- Data
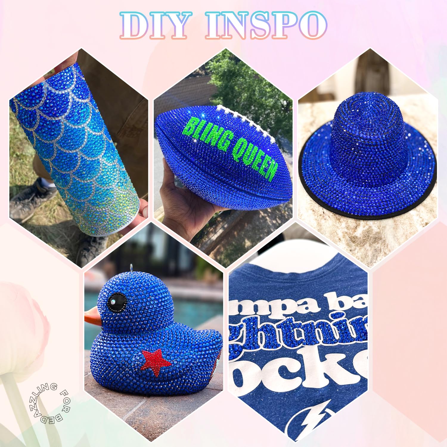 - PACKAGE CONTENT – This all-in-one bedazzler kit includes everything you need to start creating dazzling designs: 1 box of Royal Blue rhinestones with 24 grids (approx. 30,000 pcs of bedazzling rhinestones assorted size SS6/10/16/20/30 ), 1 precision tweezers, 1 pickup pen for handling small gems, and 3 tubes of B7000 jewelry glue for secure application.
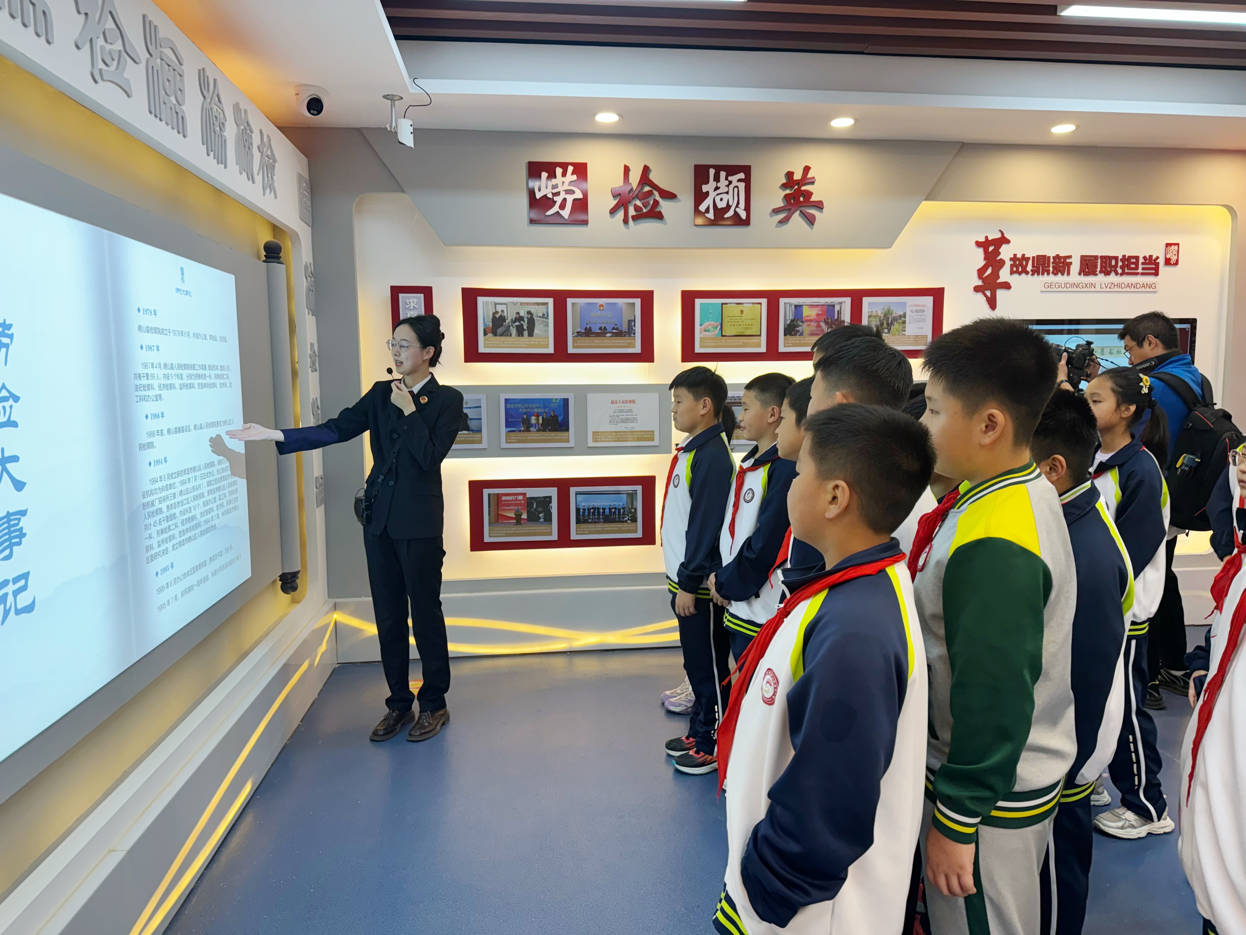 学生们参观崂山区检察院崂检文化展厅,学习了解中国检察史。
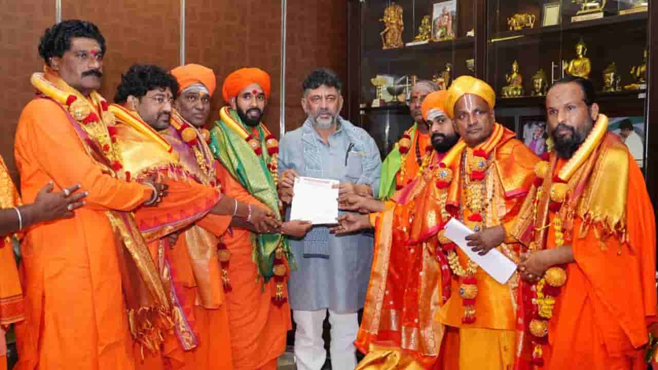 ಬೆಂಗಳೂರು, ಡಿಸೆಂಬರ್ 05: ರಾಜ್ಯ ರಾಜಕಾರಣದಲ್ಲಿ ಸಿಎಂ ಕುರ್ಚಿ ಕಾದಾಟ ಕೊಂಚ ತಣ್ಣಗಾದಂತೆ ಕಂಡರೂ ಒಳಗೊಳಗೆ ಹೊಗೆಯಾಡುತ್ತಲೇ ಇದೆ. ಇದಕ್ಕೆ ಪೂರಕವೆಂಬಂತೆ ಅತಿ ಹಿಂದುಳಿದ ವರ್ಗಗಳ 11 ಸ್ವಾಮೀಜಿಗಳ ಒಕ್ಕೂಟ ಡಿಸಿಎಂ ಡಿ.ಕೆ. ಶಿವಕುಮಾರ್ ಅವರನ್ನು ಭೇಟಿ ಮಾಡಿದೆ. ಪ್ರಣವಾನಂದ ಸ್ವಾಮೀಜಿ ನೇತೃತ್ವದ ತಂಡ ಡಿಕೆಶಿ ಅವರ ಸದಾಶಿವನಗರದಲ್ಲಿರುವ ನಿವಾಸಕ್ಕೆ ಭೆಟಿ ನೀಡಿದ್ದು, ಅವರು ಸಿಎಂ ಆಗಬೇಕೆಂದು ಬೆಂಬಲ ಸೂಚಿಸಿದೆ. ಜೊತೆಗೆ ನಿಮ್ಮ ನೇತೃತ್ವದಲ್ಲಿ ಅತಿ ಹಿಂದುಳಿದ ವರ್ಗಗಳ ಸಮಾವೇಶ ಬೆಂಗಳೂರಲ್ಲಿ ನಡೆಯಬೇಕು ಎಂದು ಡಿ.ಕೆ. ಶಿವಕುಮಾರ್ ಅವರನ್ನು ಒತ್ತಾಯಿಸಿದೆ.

- What is being asked
Copy exactly the lines running from the beginning of the listing through the line that has "学生们参观崂山区检察院崂检文化展厅,学习了解中国检察史。". Drop the pictures.

- Solution to this exercise
 - PACKAGE CONTENT – This all-in-one bedazzler kit includes everything you need to start creating dazzling designs: 1 box of Royal Blue rhinestones with 24 grids (approx. 30,000 pcs of bedazzling rhinestones assorted size SS6/10/16/20/30 ), 1 precision tweezers, 1 pickup pen for handling small gems, and 3 tubes of B7000 jewelry glue for secure application.
 学生们参观崂山区检察院崂检文化展厅,学习了解中国检察史。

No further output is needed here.